Otherwise, if it's possible to choose A[i] < B[i], choose the greatest possible value for A[i] < B[i]. Then proceed by choosing the largest available values for all subsequent array indices. (At this point you no longer need to worry about maintaining A[i] <= B[i], because we're already after an index where A[i] < B[i].) Return the result.
Otherwise, we need to backtrack to the last index where it was possible to choose A[i] < B[i], then use the approach in the previous bullet-point.
Note that, despite the need for backtracking, the very worst case here is three passes: one forward pass using the logic in the first bullet-point, one backward pass in backtracking to find the last index where A[i] < B[i] was possible, and then a final forward pass using the logic in the second bullet-point.
Because of the overhead of maintaining the ordered map, this requires O(n log m) time and O(m) extra space, where n is the total number of elements of A and m is the number of distinct elements. (Since m ≤ n, we can also express this as O(n log n) time and O(n) extra space.)
Note that if there's no solution, then the backtracking step will reach all the way to i == -1. You'll probably want to raise an exception if that happens.
Edited to add (2019-02-01):
In a now-deleted answer, גלעד ברקן summarizes the goal this way:
To be lexicographically smaller, the array must have an initial optional section from left to right where A[i] = B[i] that ends with an element A[j] < B[j]. To be closest to B, we want to maximise the length of that section, and then maximise the remaining part of the array.
So, with that summary in mind, another approach is to do two separate loops, where the first loop determines the length of the initial section, and the second loop actually populates A. This is equivalent to the above approach, but may make for cleaner code. So:
Build an ordered map of the counts of the distinct elements of A.
Initialize initial_section_length := -1.
Iterate through the array indices 0 to n−1, "withdrawing" elements from this map. For each index:
If it's possible to choose an as-yet-unused element of A that's less than the current element of B, set initial_section_length equal to the current array index. (Otherwise, don't.)
If it's not possible to choose an as-yet-unused element of A that's equal to the current element of B, break out of this loop. (Otherwise, continue looping.)
If initial_section_length == -1, then there's no solution; raise an exception.
Repeat step #1: re-build the ordered map.
Iterate through the array indices from 0 to initial_section_length-1, "withdrawing" elements from the map. For each index, choose an as-yet-unused element of A that's equal to the current element of B. (The existence of such an element is ensured by the first loop.)
For array index initial_section_length, choose the greatest as-yet-unused element of A that's less than the current element of B (and "withdraw" it from the map). (The existence of such an element is ensured by the first loop.)
Iterate through the array indices from initial_section_length+1 to n−1, continuing to "withdraw" elements from the map. For each index, choose the greatest element of A that hasn't been used yet.
This approach has the same time and space complexities as the backtracking-based approach.
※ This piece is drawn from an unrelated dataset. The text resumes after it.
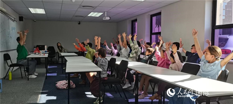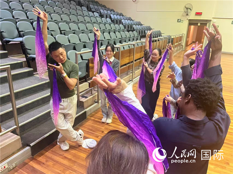 林晟昱老師在西開普大學(xué)中醫(yī)孔子學(xué)院向當(dāng)?shù)貛熒鷤魇谘砀琛霸E竅”。人民網(wǎng)記者 鄒松攝

There are n! permutations of A[n] (less if there are repeating elements).
Use binary search over range 0..n!-1 to determine k-th lexicographic permutation of A[] (arbitrary found example) which is closest lower one to B[].
Perhaps in C++ you can exploit std::lower_bound

Based on the discussion in the comment section to your question, you seek an array made up entirely of elements of the vector A that is -- in lexicographic ordering -- closest to the vector B.
For this scenario, the algorithm becomes quite straightforward. The idea is the same as as already mentioned in the answer of #ruakh (although his answer refers to an earlier and more complicated version of your question -- that is still displayed in the OP -- and is therefore more complicated):
Sort A
Loop over B and select the element of A that is closest to B[i]. Remove that element from the list.
If no element in A is smaller-or-equal than B[i], pick the largest element.
Here is the basic implementation:
#include <string>
#include <vector>
#include <algorithm>
auto get_closest_array(std::vector<int> A, std::vector<int> const& B)
{
std::sort(std::begin(A), std::end(A), std::greater<>{});
auto select_closest_and_remove = [&](int i)
{
auto it = std::find_if(std::begin(A), std::end(A), [&](auto x) { return x<=i;});
if(it==std::end(A))
{
it = std::max_element(std::begin(A), std::end(A));
}
auto ret = *it;
A.erase(it);
return ret;
};
std::vector<int> ret(B.size());
for(int i=0;i<(int)B.size();++i)
{
ret[i] = select_closest_and_remove(B[i]);
}
return ret;
}
Applied to the problem in the OP one gets:
int main()
{
std::vector<int> A ={1,3,5,6,7};
std::vector<int> B ={7,3,2,4,6};
auto C = get_closest_array(A, B);
for(auto i : C)
{
std::cout<<i<<" ";
}
std::cout<<std::endl;
}
and it displays
7 3 1 6 5
which seems to be the desired result.

Create a function that checks whether an array has two opposite elements or not for less than n^2 complexity. (C++)

Create a function that checks whether an array has two opposite elements or not for less than n^2 complexity. Let's work with numbers.
Obviously the easiest way would be:
bool opposite(int* arr, int n) // n - array length
{
for(int i = 0; i < n; ++i)
{
for(int j = 0; j < n; ++j)
{
if(arr[i] == - arr[j])
return true;
}
}
return false;
}
I would like to ask if any of you guys can think of an algorithm that has a complexity less than n^2.
My first idea was the following:
1) sort array ( algorithm with worst case complexity: n.log(n) )
2) create two new arrays, filled with negative and positive numbers from the original array
( so far we've got -> n.log(n) + n + n = n.log(n))
3) ... compare somehow the two new arrays to determine if they have opposite numbers
I'm not pretty sure my ideas are correct, but I'm opened to suggestions.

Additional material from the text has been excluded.